A joint industry project (JIP) was set up in 2013 by the Norwegian Geotechnical Institute (NGI) to examine the reliability of a range of existing methods employed for evaluation of the axial capacity of driven piles in sand. To assist with this aim, the University of Western Australia (UWA) together with NGI compiled a database of high-quality pile load tests in sand and clay, which is now referred to as the ‘Unified’ database (Lehane et al., 2017). Input into the selection of an agreed set of high-quality tests for this database was provided by representatives from Imperial College London, Fugro BV Ltd, NGI and UWA. Full details of the database are provided in Lehane et al. (2017), which also examines the ability of existing cone penetration test (CPT) methods to predict pile capacity. On completion of this work and motivated by the wish to achieve consensus among proponents of these CPT methods, a new JIP was formed with the objective of using this database to develop a CPT method that would supersede the existing CPT methods used to predict axial capacity of piles in sand and clay (Nadim et al., 2020). The new ‘unified’ CPT method for piles in sand is described by Lehane et al. (2020) and replaces previous recommendations for axial capacity estimation in ISO 19901-4 (ISO, 2020).

This paper is an extension of the research on axial pile capacities in sand and uses the ‘unified’ database of load−displacement curves for calibration of CPT-based load-transfer curves that can be used to estimate the displacement under axial load of driven piles in sand. This database comprises 71 pile tests with the range of pile diameters, pile lengths, CPT end resistances (qc) and set-up times shown in Fig. 1. Further information relating to the pile end condition, pile shape, loading direction and pile material is provided in Table 1. The transfer curves derived are aimed to allow reasonable estimates of pile displacements at typical working loads when the applied load (Q) is less than about half of the ultimate capacity (Qult) – that is the global factor of safety on ultimate shaft friction is about 2·0.

The derivation of load-transfer curves requires definition of the ultimate shaft friction that can develop at any location on the pile shaft (τf) and the ultimate end-bearing stress acting over the full pile base area at a displacement of 10% of the pile diameter (qb0·1). The new unified CPT method, which is described in full by Lehane et al. (2020), allows derivation of these parameters using the formulations provided in Table 2 and the measured qc profiles. The basis of the formulation employed for τf, as evident from multiple instrumented pile tests, is the direct proportional relationship with qc of the radial effective stress acting on a pile shaft after installation. Additional factors known to influence shaft friction are also incorporated, namely (a) the degree of soil displacement (plugging) during installation, (b) the relative pile tip depth, (c) the sand−pile interface friction angle, (d) changes in radial stress during loading and (e) the loading direction (tension or compression). The formulation for qb0·1 is also based on a direct relationship with qc and allows for the important influence of plugging during installation of pipe piles. The equations for shaft friction (Table 2) allow for a reduction in the relative influence of dilation (captured by the Δσrd term) and plugging (by way of the effective area ratio term, Are) as the pile diameter increases, hence enabling safe extrapolation from the database piles (the majority of which had diameters less than 800 mm).

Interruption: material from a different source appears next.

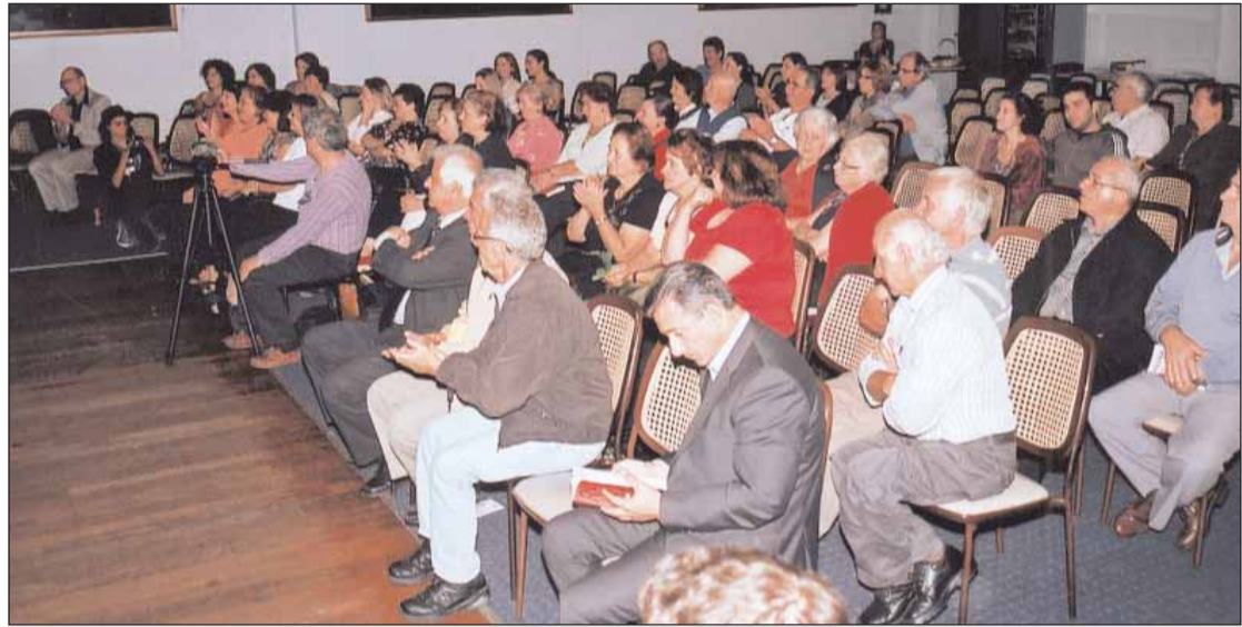
Άποψη του ακροατηρίου

Το 28ο Ελληνικό Φεστιβάλ του Σίδνεϊ παρουσίασε το βιβλίο του συγγραφέα Τζων Δανάλη “Καβάλα στο μαύρο παπαγάλο” την περασμένη Τετάρτη 14 Απριλίου, στην Ελληνική Κοινοτική Λέσχη. Στην παρουσίαση μίλησε ο Τζων Δανάλης καθώς και ο αυτόχθονας καλλιτέχνης Ρίτσαρντ Γκρην. Ακολουθούν στιγμιότυπα από την παρουσίαση του βιβλίου.

The load-transfer method, first proposed by Coyle & Reese (1966), is a popular means of estimating axial pile displacement. This method combines the axial stiffness of multiple pile elements with associated non-linear load-transfer functions (or springs) to represent the variation of shaft friction (τ) with local displacement (w) and the variation of pile base load (qb) with base displacement (wb).

The τ–w spring, which is more commonly referred to as a tz curve, in any given soil horizon depends on the specific non-linear shear stiffness−shear strain relationships of elements of soil extending radially from the pile within the complex stress field set up following pile installation. In view of these complexities, a practical approach commonly employed is to presume either a power-law, hyperbolic or parabolic variation of τ with w and to define a displacement (wf) at which τ attains its maximum value of τf. Fellenius (2018) reviews a variety of functions proposed for these load-transfer curves such as the ratio function of Gwizdala (1996), the hyperbolic function of Chin (1970) and the exponential relationship of van der Veen (1953). The parabolic form of the normalised τ–w curve, proposed by Randolph (2003), is employed in this study and is expressed as

1

This format was selected because it closely matches the τ/τf against w/wf load-transfer curve recommended in API (2011) and ISO 19901-4 (ISO, 2020), as shown in Fig. 2(a). The adoption of the normalised format implies that the operational shear stiffness of the sand mass adjacent to the pile is assumed to vary directly with the ultimate shaft friction (τf). In line with observations of load-transfer in sands, a post-peak strain-softening component is not required.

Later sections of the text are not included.